In today’s globalized world, geopolitical actions have far-reaching consequences. After an unprecedented, modern-day pandemic, just as the world began to finally catch a break, the Russia-Ukraine crisis has dented the hopes of a quick recovery. Besides the deplorable bloodshed and human affliction, there are also strong financial ramifications to reckon with. Immediately after Russia launched the invasion, S&P 500 plunged to a nine-month low, undoing a considerable amount of post-pandemic recovery. For those who had to bear the brunt of the prolonged pandemic-induced downturn, this is definitely a cause for concern. Inflation is expected to surge further, equity markets are set to stay volatile, and interest rates could soon increase, all providing little in the way of optimism. However, this situation calls for anything but panic. Here are five wealth management tips amid the Russia-Ukraine crisis.

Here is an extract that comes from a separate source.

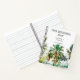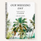 Ce carnet élégant et magnifique ferait un grand wedding planner, album photo, livre d'invité et plus encore. Le design comprend une plage aquarelle, un ciel bleu et des palmiers. Le texte combine écriture manuscrite et polices sans serif pour un look élégant et moderne. Il est parfait pour une plage d'été ou un mariage de destination tropicale.

Every crisis creates opportunities
From a strictly financial standpoint, every crisis has accompanied a fair share of challenges as well as opportunities. While many asset classes have incurred losses, there is also a buying opportunity for those with excess liquidity. In fact, those who harbour a buy-on-dip strategy are investing in stocks, hoping to capitalize on future gains. This strategy is predicated on the idea that, unlike the pandemic situation, the Russia-Ukraine crisis may not drag on for long. Several stocks have indeed rallied in the past few weeks as part of the larger post-pandemic recovery. However, these developments should not encourage ill-advised buying. It is advisable to do your due diligence and time the market before splurging the cash.
Eyes on the prize
Volatilities are an inherent aspect of financial markets. Since markets are largely sentiment-driven, when securities are oversold or overbought, they are bound to cause volatilities. The knock-on impact of the Russia-Ukraine conflict on global financial markets was short-lived, with securities gradually posting recovery since the invasion started. The idea, therefore, is to create a robust, long-term financial plan and commit to it. It’s important to leave the emotion out of investing and develop a wait-and-watch approach. Such a big-picture vision could make you impervious to short-term fluctuations like the Russia-Ukraine conflict is expected to be. Even in the event of a prolongation, there is so much to gain in the end. Remember, patience is a virtue that always pays off.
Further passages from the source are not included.